(Problem to solve):
Only the lines from the top of the records below through the line containing "여러 건축물들이 있는" should be printed, exactly and without pictures.

- Opening Delimiter -

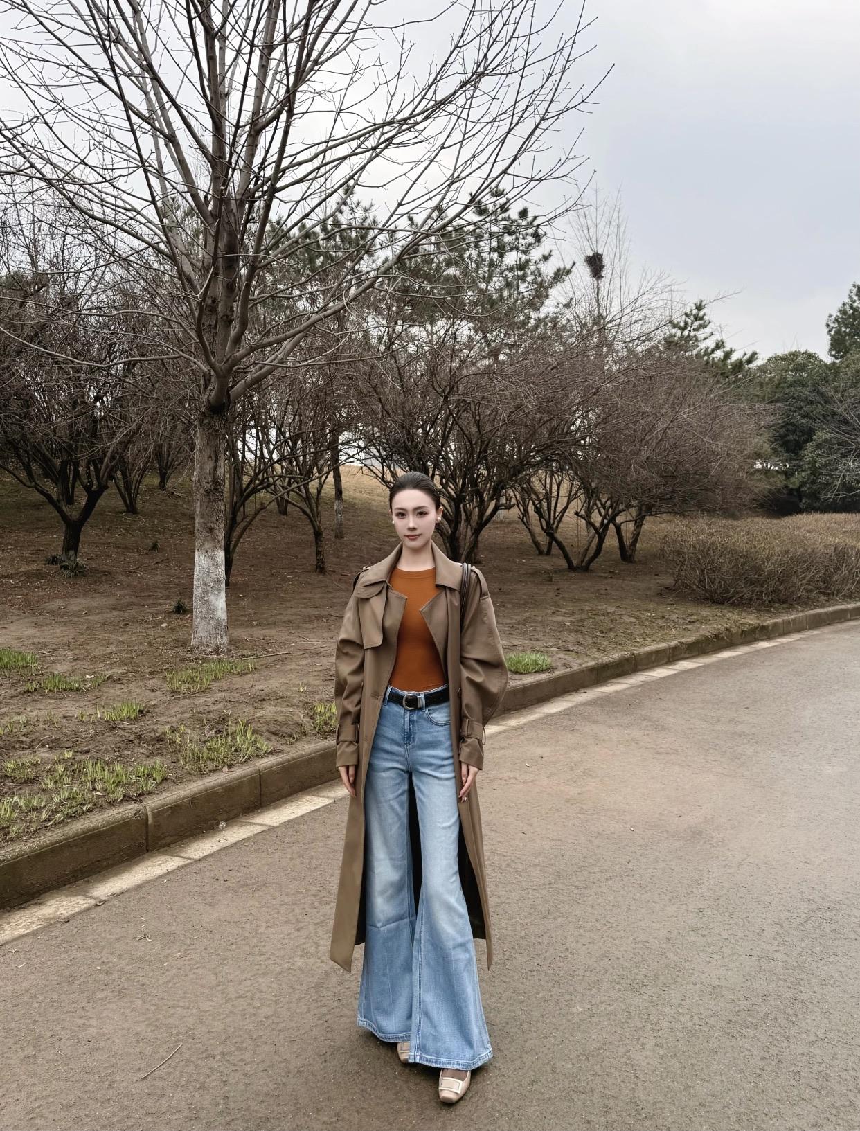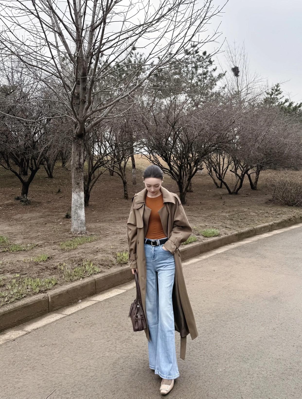 怎么穿,才能既舒适又高级?ii风衣牛仔裤风衣+牛仔裤”真是早春王炸组合,舒适又高级。经典的蓝色直筒牛仔裤,尤其是深蓝色,显瘦百搭,配风衣就是yyds。想更有设计感,白色牛仔裤是首选,清新还拉长腿部线条,搭针织衫或衬衫优雅满分。 阔腿牛仔裤是港风范儿标配,宽松遮肉又飘逸,配卡其色风衣和乐福鞋,适合春日午后闲逛。九分牛仔裤是“变高神器”,露出脚踝视觉上增高,搭高腰款优化比例。烟管牛仔收紧腿型,搭经典风衣超帅气。 今年皮革风衣流行起来,柔软有线条感,配浅洗直筒牛仔,街头感十足。像白百何用卡其色风衣配牛仔裤,内搭白衬衫,简单基础款也能美出新高度。
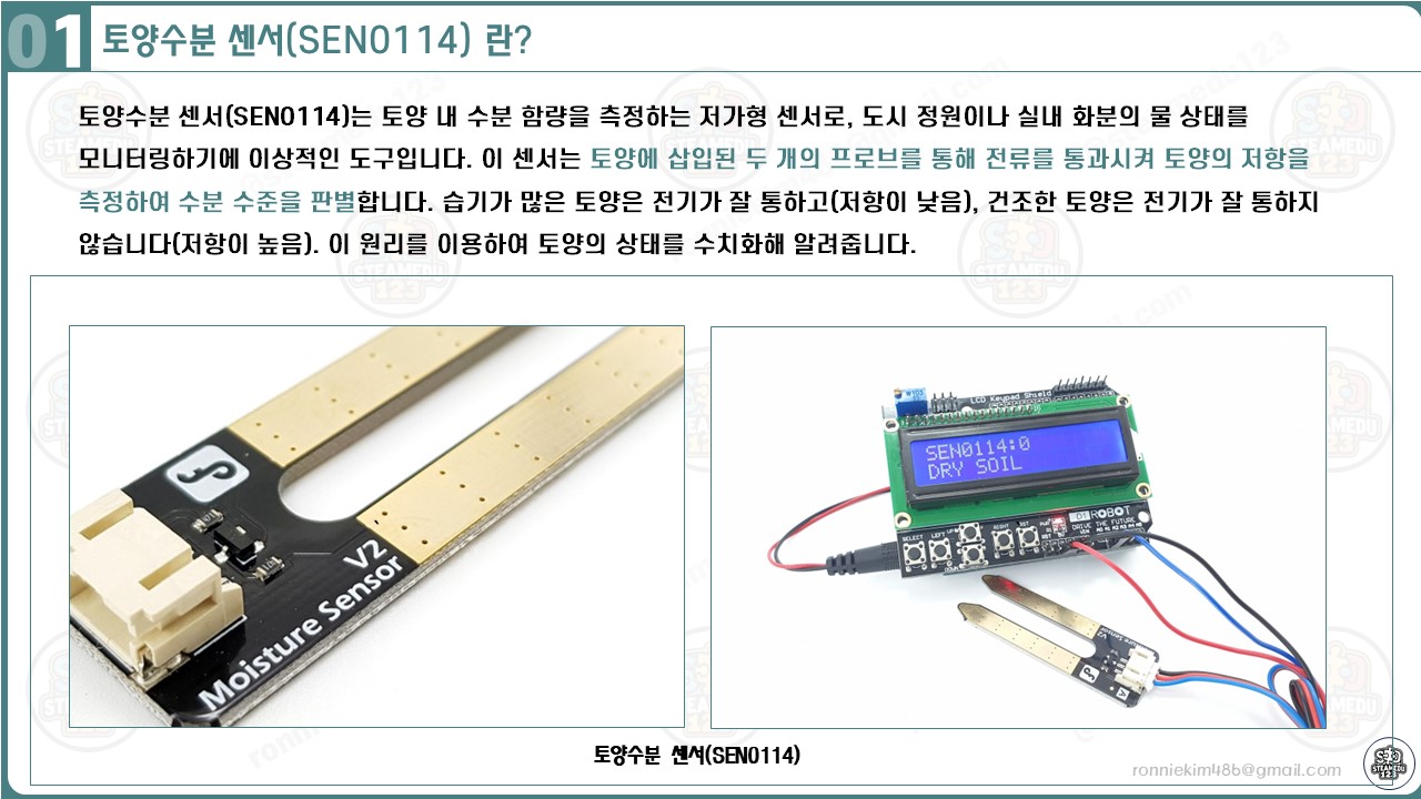 아두이노, 16X2 LCD 쉴드, 그리고 SEN0114 토양수분 센서를 사용하여 토양의 습도 상태를 시각적으로 표시합니다. 하드웨어 연결은 아두이노의 아날로그 핀 A1과 SEN0114 센서의 SIG 핀을 연결하여 아두이노가 센서의 출력을 수신할 수 있도록 합니다.
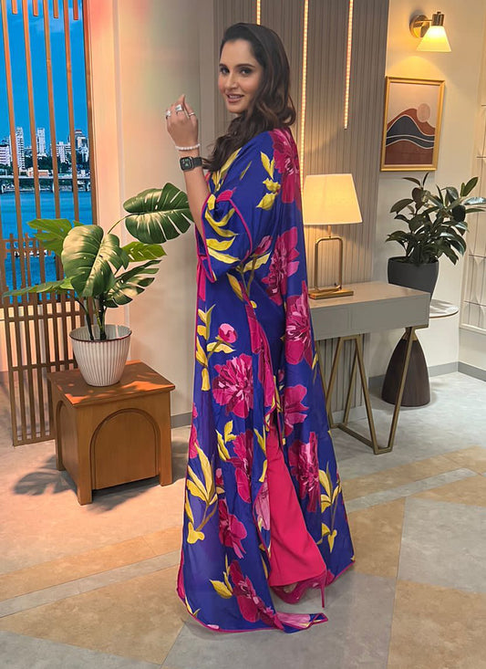 SANIA MIRZA IN PINK COORD SET TEAMED WITH CHRYSANTHEMUM PRINTED OVERLAY
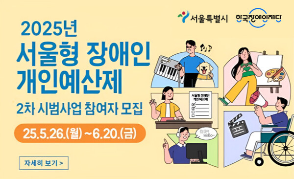 【에이블뉴스 이슬기 기자】한국장애인재단이 오는 6월 20일까지 ‘2025년 서울형 장애인 개인예산제 2차 시범사업’ 참여자 130명을 모집한다.
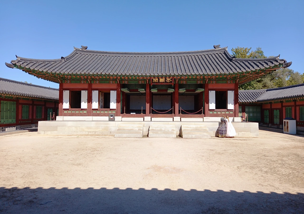 여러 건축물들이 있는 줄 알았는데, 자경전처럼, 사방을 둘러보니 여러 채가 연결된 하나의 큰 집이었다. 배경지식이 없었더라도 딱 봐도 비교적 최근에 지어진 건물임이 느껴질 정도로, 건축물의 색감이 선명하고 깨끗하게 보였다. 상대적으로 인지도가 낮으며 인적도 드물었지만, 외국인 커플, 친구와 한복을 입고 온 방문객이 이곳에서 다양한 각도로 여러 가지 사진을 찍을 만할 정도로 그 공간이 매우 아름다웠다.
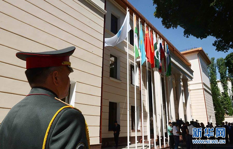 2017年6月15日,上海合作組織地區(qū)反恐怖機(jī)構(gòu)執(zhí)委會(huì)在烏茲別克斯坦首都塔什干舉行印度和巴基斯坦國旗升旗儀式,迎接兩個(gè)新成員的加入。新華社記者 沙達(dá)提 攝
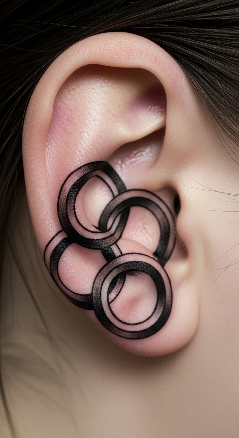 Rings that interlock on your ear. Ring sketches on paper are straightforward. Ears are for delicate touches. Black rings are inexpensive. Adjust for ear shape. Test with ear jewelry. Artists do ears cheaply. The connection feels linked. Care with ear drops. Pair with earrings.

- Closing Delimiter -

(Written response):
 怎么穿,才能既舒适又高级?ii风衣牛仔裤风衣+牛仔裤”真是早春王炸组合,舒适又高级。经典的蓝色直筒牛仔裤,尤其是深蓝色,显瘦百搭,配风衣就是yyds。想更有设计感,白色牛仔裤是首选,清新还拉长腿部线条,搭针织衫或衬衫优雅满分。 阔腿牛仔裤是港风范儿标配,宽松遮肉又飘逸,配卡其色风衣和乐福鞋,适合春日午后闲逛。九分牛仔裤是“变高神器”,露出脚踝视觉上增高,搭高腰款优化比例。烟管牛仔收紧腿型,搭经典风衣超帅气。 今年皮革风衣流行起来,柔软有线条感,配浅洗直筒牛仔,街头感十足。像白百何用卡其色风衣配牛仔裤,内搭白衬衫,简单基础款也能美出新高度。
 아두이노, 16X2 LCD 쉴드, 그리고 SEN0114 토양수분 센서를 사용하여 토양의 습도 상태를 시각적으로 표시합니다. 하드웨어 연결은 아두이노의 아날로그 핀 A1과 SEN0114 센서의 SIG 핀을 연결하여 아두이노가 센서의 출력을 수신할 수 있도록 합니다.
 SANIA MIRZA IN PINK COORD SET TEAMED WITH CHRYSANTHEMUM PRINTED OVERLAY
 【에이블뉴스 이슬기 기자】한국장애인재단이 오는 6월 20일까지 ‘2025년 서울형 장애인 개인예산제 2차 시범사업’ 참여자 130명을 모집한다.
 여러 건축물들이 있는 줄 알았는데, 자경전처럼, 사방을 둘러보니 여러 채가 연결된 하나의 큰 집이었다. 배경지식이 없었더라도 딱 봐도 비교적 최근에 지어진 건물임이 느껴질 정도로, 건축물의 색감이 선명하고 깨끗하게 보였다. 상대적으로 인지도가 낮으며 인적도 드물었지만, 외국인 커플, 친구와 한복을 입고 온 방문객이 이곳에서 다양한 각도로 여러 가지 사진을 찍을 만할 정도로 그 공간이 매우 아름다웠다.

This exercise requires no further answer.